The high-frequency tone control is very responsive, if you boost it you’ll hear some serious boost. The midrange-frequency tone control is also very powerful and can really make a vocal step out in a mix. The bass control is very active and easy to over-do, you need monitors with accurate bass to monitor the 1073SPX. 


As a “Direct Interface, DI” the 1073 SPX does not disappoint. My first recording outing was my Gibson SG short scale bass plugged in direct. In seconds I had a big fat direct-bass tone that was a joy to record with. 

With a Variax plugged into the 1073 SPX the alnico 5 passive pickups had awesome ping and classic Strat-style tone. Switching to Variax modeling the acoustic guitar tones were just awesome and the EQ controls allowed me to dial in a very sweet acoustic tone. 


The 1073 SPX is really an awesome studio tool but there are a couple of things I’m not crazy about.

First of all the color of the paint has changed. I have a Neve 8816 mixer (serial number 67) which more authentially reflects the original RAF color. The modern 1073 SPX has more green in the paint color mix. My partner, Mary King, who creates oil and water color paintings confirmed what I saw when comparing the painted color of the 1073 to the 8816 mixer.

External 1073 SPX Power Supply

My second gripe is the external power supply. A DC barrel connector plugs into the rear of the 1073 SPX and it connects to the “line-lump” power supply through a very short and light gauge cable, more like something you’d find on a pedalboard. The power supply came with a nice long IEC power cable to plug into the wall but if you rack mount the 1073 SPX where do you mount that little digital line-lump box which is on such a short fixed cable length? For a professional preamp that costs over $1600 the power supply seems a bit dodgy although electronically it all functions correctly. My whole career was spent mounting equipment in racks so when a pro piece like this one presents you with cumbersome AC power input I take notice and a small amount of offense. At this price point I fail to see why AMS-Neve could not include an inbuilt universal power supply.

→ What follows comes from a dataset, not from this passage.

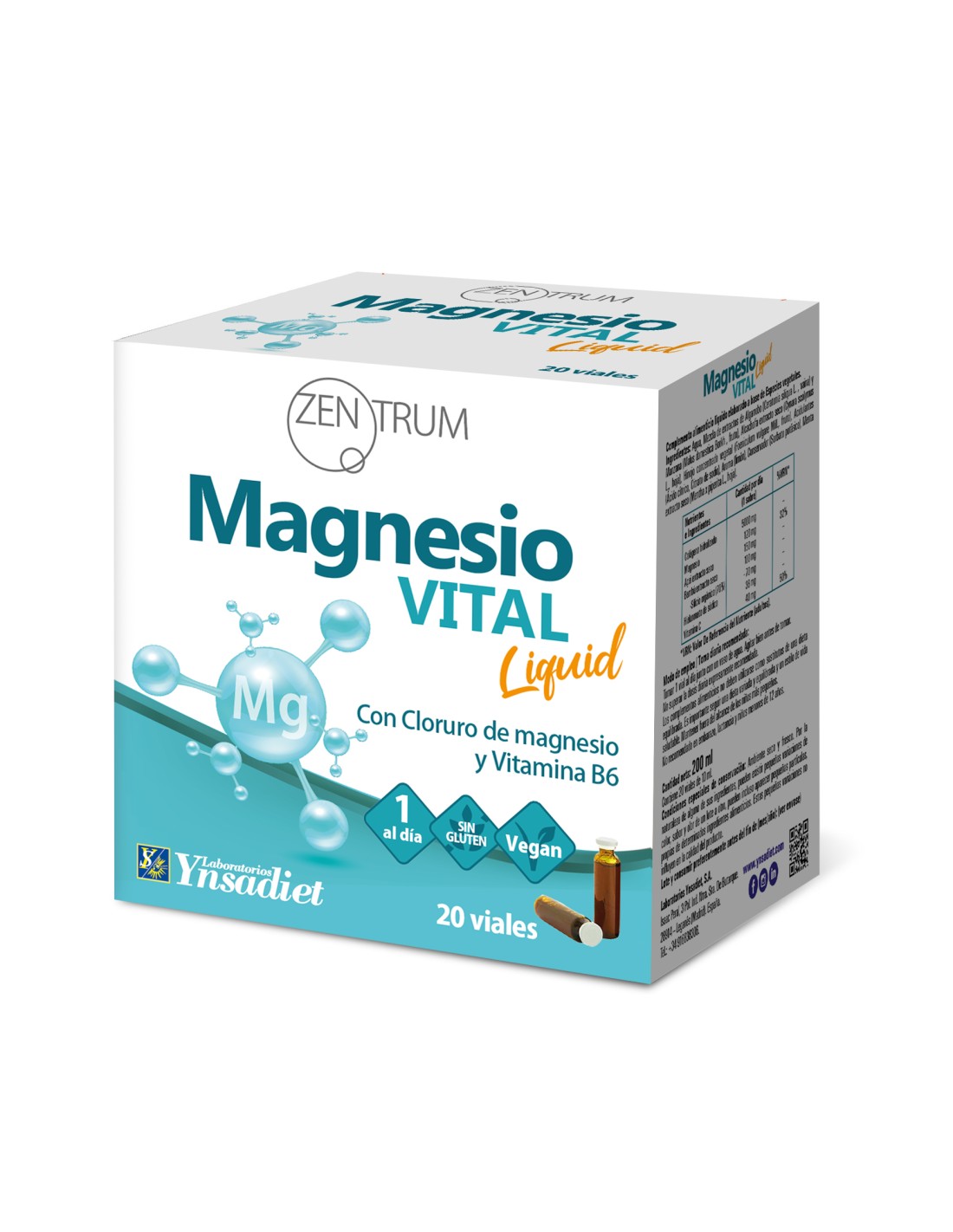 Magnesio Vital Liquid de Zentrum Ynsadiet es un complemento en formato vial que combina 250 mg de magnesio y 3,5 mg de vitamina B6 por dosis diaria, en una fórmula líquida de alta absorción, sin gluten y apta para personas veganas. El magnesio es un mineral esencial que interviene en más de 300 funciones del organismo, ayudando al funcionamiento muscular y nervioso, a la producción de energía, al mantenimiento de los huesos y al equilibrio del sistema cardiovascular.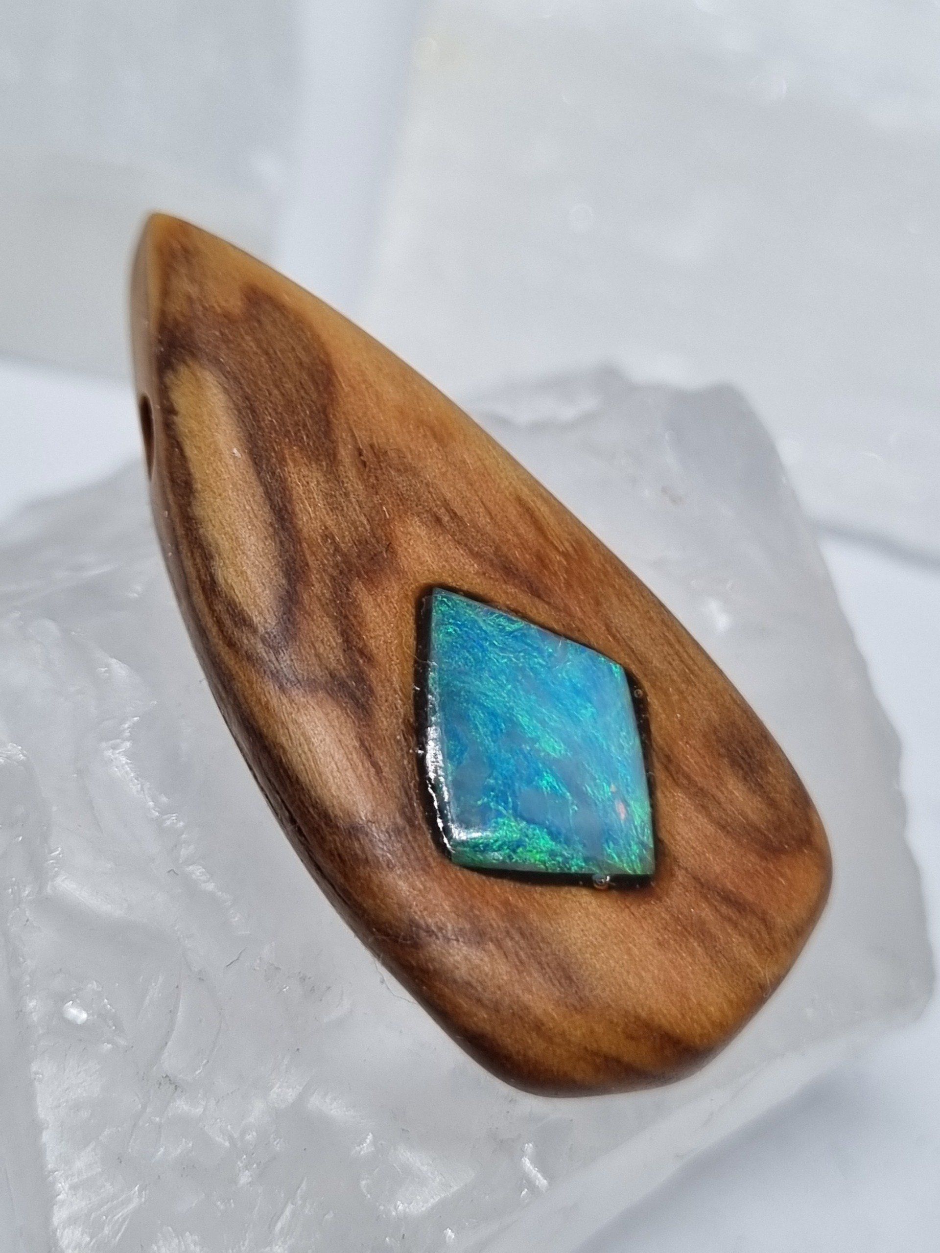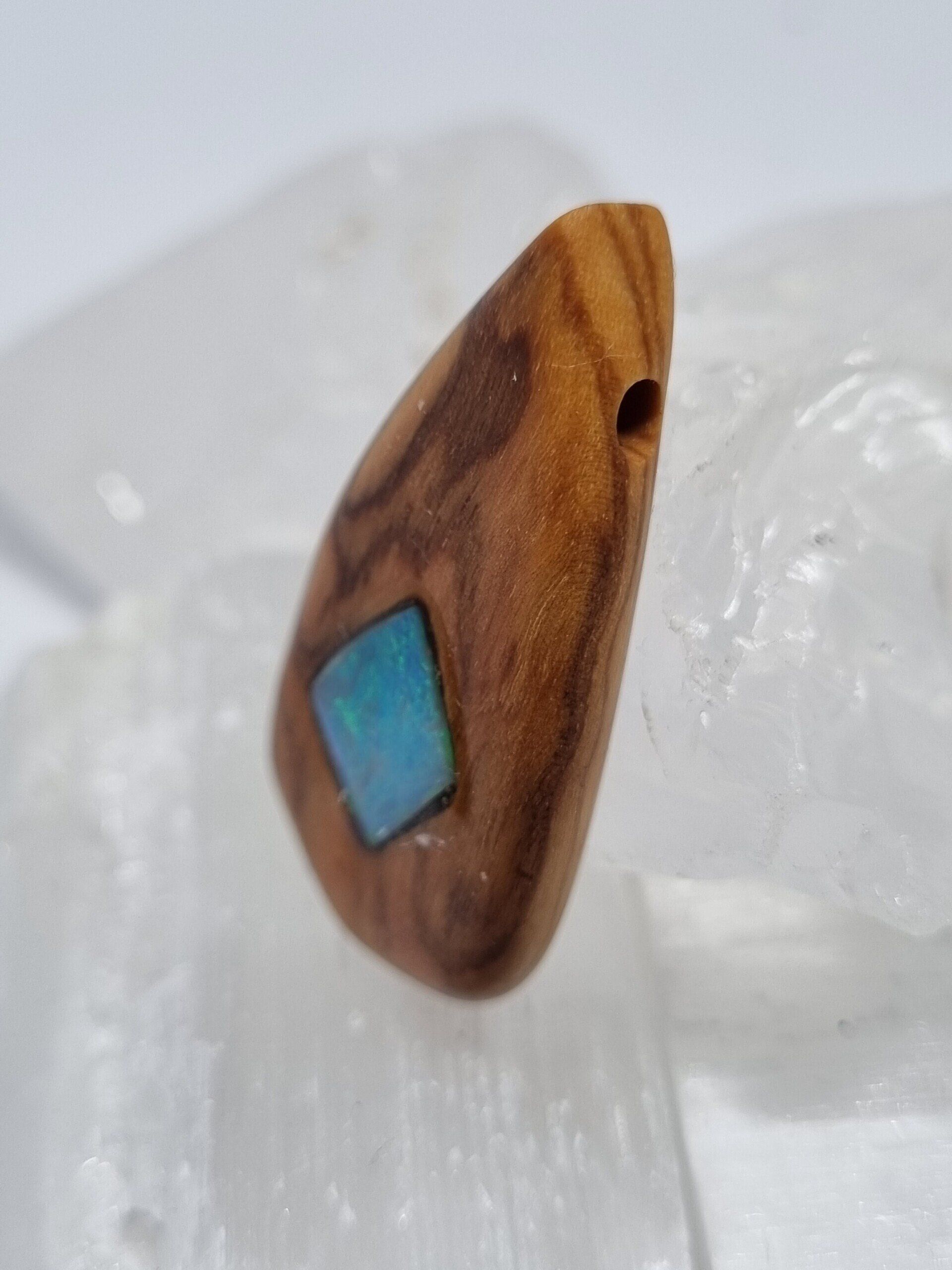 Aufhängung: Olivenholzanhänger in Teardrop Form seitlich gebohrt.

If you’ve followed the evolution of Neve 1073 products then you’ll be especially excited by the price of the modern unit. Four years ago a modern single channel AMS-Neve 1073 retailed for around $3000. The current 1073 SPX sells for $1645. This new lower price on the 1073 SPX makes owning a real Neve preamp a much easier purchase decision. I’m certain a lot of the clone manufacturer’s whos units are priced from $2200 to $3500 each are experiencing reduced sales numbers as a result of the competition from the company that originally created the product. Which would you rather have, a clone or a real Neve?


Is the AMS-Neve 1073 SPX just like the old ones? Heck no, it’s a lot better. It’s easier to rack mount, it’s got all the modern controls recording engineers need, it’s very low noise and it sounds absolutely fantastic. If you buy one of these you’ll receive years of reliable service, great tone and excellent resale value if you decide to sell it. Overall I think the latest 1073 SPX outboard from AMS-Neve is a real winner.

Thanks for reading High on Technology.

Good music to you!

©June 2021 by Mark King. It’s not ok to quote or copy without written permission.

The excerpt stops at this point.